Brendan Philip Talks 'Shadow Ceremony' and His "Alt-R&B" Aesthetic

Photo: Yannick Anton

BY Ryan B. PatrickPublished May 22, 2015

To hear Brendan Philip explain it, experiencing his new project Shadow Ceremony is akin to learning to swim — there's a bit of fearlessness involved. The haunting EP (out now via Fake Art/Dine Alone) from the eclectic Toronto-based artist mines contrasting musical elements, running the genre spectrum from Bilal, Funkadelic, Outkast, J-Dilla and David Byrne. Philip tells Exclaim! that creating music that pushes buttons — as well as boundaries — has been his aim since he knew he wanted to be a musician growing up in Mississauga, ON.
 
"The idea of writing really appealed to me," he explains. "The spirit of what I'm doing is writing — conceptualizing elements and putting them into form, into language. I kind of went on a journey from there. I bought a lot of Jimi Hendrix [and] Prince and ended up working in a Mississauga record shop across from my house.
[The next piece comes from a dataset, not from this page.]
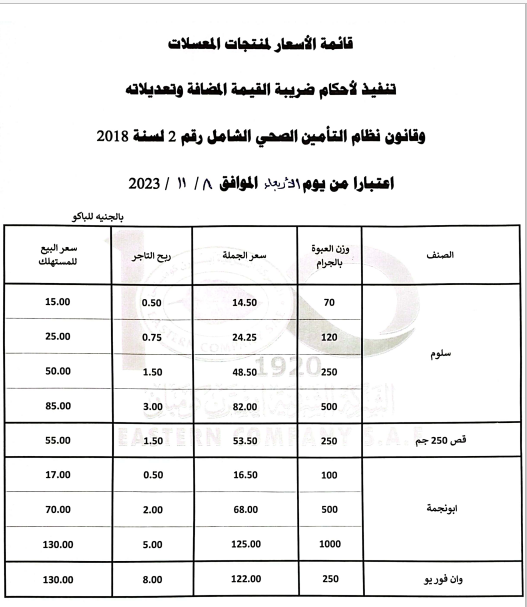 أعلنت الشركة الشرقية للدخان، قائمة الأسعار الجديدة لمنتجات المعسل لها، وذلك تنفيذا لأحكام ضريبة القيمة المضافة وتعديلاته وقانون نظام التأمين الصحي الشامل رقم 2 لسنة 2018 اعتبارًا من اليوم الأربعاء الموافق 8 نوفمبر 2023.

I just spent a lot of time talking about music. It's been a grand area of study around music rather than celebrity. I still want to be valid and relevant but I think that I'm shifting into all sorts of artistic mediums — music was my entry point."
 
Philip has been creating critical buzz at home and Statestate for his subversive, non-conventional sound and vocals that leverage a Pan-African aesthetic and a heightened awareness and outlook on sexual and gender politics. Ultimately, Shadow Ceremony has a strong focus on lyricism but maintains a danceable quality, according to Philip.
 
While his sound has been called a variety of terms — alt-R&B, slopwave, electro-ambient — he's come to terms with labels. Lately he's been describing his vibe as post-R&B. "I think I'm better at understanding that I have to create a box, an existing framework and fill it with my personality to create a world that people can come into.
 
"The pop format is a great framework and a way for people to digest music," he adds. That said, the new album is designed to be sonically and lyrically challenging. "It's very strange with not a lot of reference points. Maybe SBTRKT would be the closest.
 
"I really love Joy Division and post-punk — things where nerds or really technical people started to infiltrate this simple framework and expand its ideas. I don't think there's anything wrong with that: while people are being entertained, give them something to chew on. Even if its just sex, give as many aspects to it as you can."
 
As an artist, Philips notes that music is just one way to get his message across; he is actively exploring visual mediums including video to accurately convey his thoughts and musical sensibilities. "I love psychedelic and counter culture. It's very much that. I just wanted to create a sci-fi R&B experience (with Shadow Ceremony). This experience of meeting an entity that's perceived as feminine but is just an unshaped energy. Talking about cosmic relationships between a humanoid and sentient being. I also added a sense of dream imagery from Mexican culture, weaving in future mythology."
 
The album was created over 18 months, recorded at Dreamhouse and Acres YYZ, and was co-produced by Jahmal Padmore and Keita Juma, both prolific producers and artists in their own right. Formerly of Toronto underground collective 88 Days of Fortune, Philip has branched out with Padmore and Juma to form the Fake Arts entity, forging a collaborative process that leverages each members strengths from an artistic and technical standpoint, he says. To hear Philip tell it, Padmore is the more technically proficient one on production, while rapper-artist Juma's UK sensibilities provide an expansive musical approach, all of which helped to flesh out and realize the sound on this particular record.
 
"We are so familiar with each other and so unafraid of each other that we got into a good experimentation. I wanted [the album] to feel like Devo or Kraftwerk. It doesn't look like that but something in that vein, projections of the future and what that sounds like, looks like and the stories that happen in that world," he says. "We worked really hard. It is a challenging piece to listen to as it was a challenging thing to create. As in pushing ourselves to let go and still being scared while doing it. You just have to go in. That's challenging."
 
With the new album out this month, plans are underway on visual elements for the singles, with videos to tracks like "The Feels" currently being conceptualized. In addition, Philip intends to divide his time this summer between touring and working on the anticipated full-length album, slated for an early 2016 release. In the meantime, he hopes that Shadow Ceremony makes a splash with listeners, adding it's like "throwing oneself into the water."
 
"It can be nerve racking and uncomfortable I think it's a great exercise. Pushing ourselves to just let go. That's the undercurrent of it."